- **STORED DATA**:
======

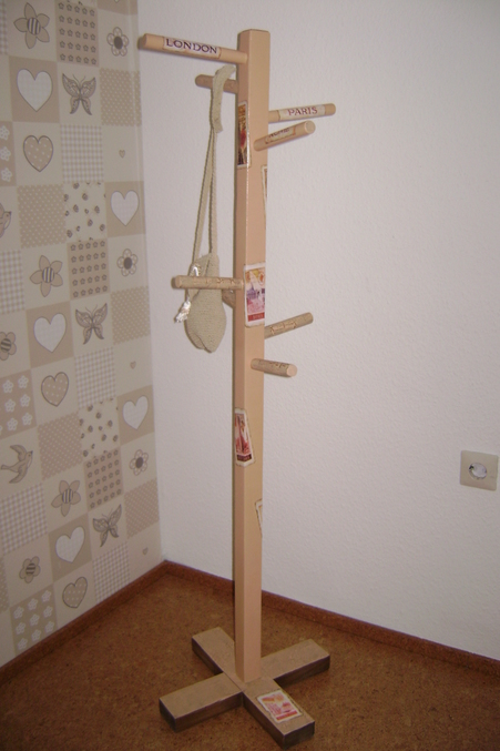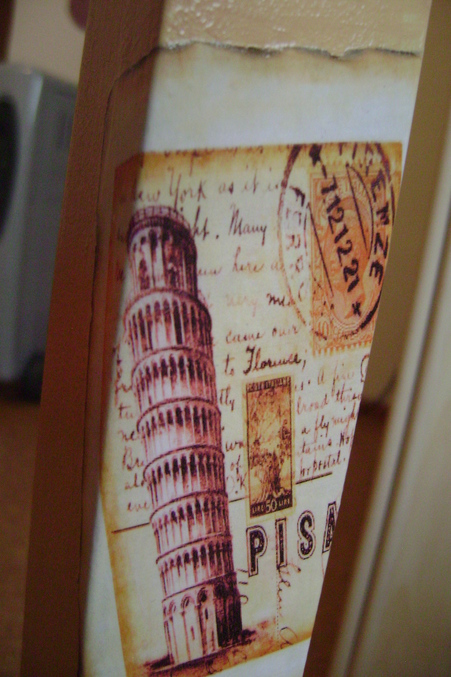 од работы: ошкурила, покрыла тремя слоями беловой акриловой краски, с просушкой каждого. Подготовила распечатки - покрыла лаком, расслоила (задумка - марки с разных городов, таблички с названиями Лондона, Парижа и Рима). Обожгла картинки, расслоила, приклеила распечатки.Намешала нужные краски, на некоторых крючках-палочках делала одношаговый кракелюр (очень хотела двушаговый, но мне просто не получилось бы смывать лишнее), покрыла сначала крючки и основание темной краской, выполнила кракелюр. Покрыла всю вешалку светлой бежевой акриловой краской тремя слоями, с просушкой каждого. Покрыла двумя слоями лака, пошкурила, покрыла тремя слоями лака.
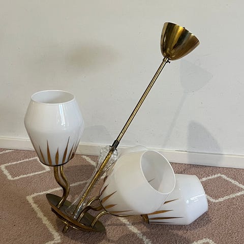 Kaunis valaisin, jossa kolme lasipalloa. Kahdessa pallossa säröä, joista kuva. Pallot pysyvät koossa.
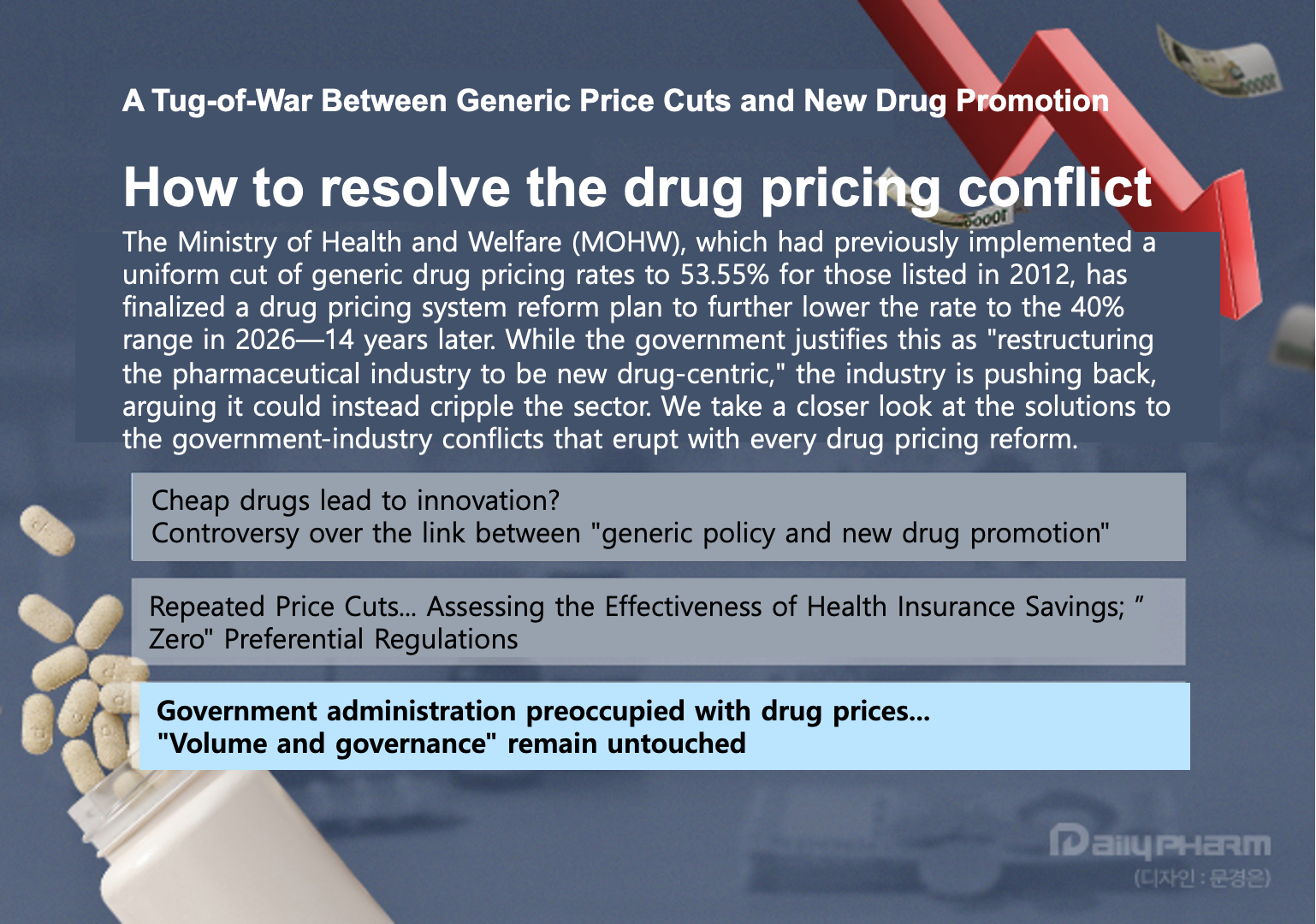 If not handled carefully, this could lead to a worst-case scenario where the price cut creates an environment in which generics of lower quality than in the past are produced, while at the same time, some companies intensify their efforts to offer illegal rebates to increase prescription volumes in an attempt to mitigate the shock of price cuts.

======

- **ABOUT THIS TASK**: Where pictures occur in the material above, omit them and return everything else exactly.

- **TASK OUTPUT**:
 од работы: ошкурила, покрыла тремя слоями беловой акриловой краски, с просушкой каждого. Подготовила распечатки - покрыла лаком, расслоила (задумка - марки с разных городов, таблички с названиями Лондона, Парижа и Рима). Обожгла картинки, расслоила, приклеила распечатки.Намешала нужные краски, на некоторых крючках-палочках делала одношаговый кракелюр (очень хотела двушаговый, но мне просто не получилось бы смывать лишнее), покрыла сначала крючки и основание темной краской, выполнила кракелюр. Покрыла всю вешалку светлой бежевой акриловой краской тремя слоями, с просушкой каждого. Покрыла двумя слоями лака, пошкурила, покрыла тремя слоями лака.
 Kaunis valaisin, jossa kolme lasipalloa. Kahdessa pallossa säröä, joista kuva. Pallot pysyvät koossa.
 If not handled carefully, this could lead to a worst-case scenario where the price cut creates an environment in which generics of lower quality than in the past are produced, while at the same time, some companies intensify their efforts to offer illegal rebates to increase prescription volumes in an attempt to mitigate the shock of price cuts.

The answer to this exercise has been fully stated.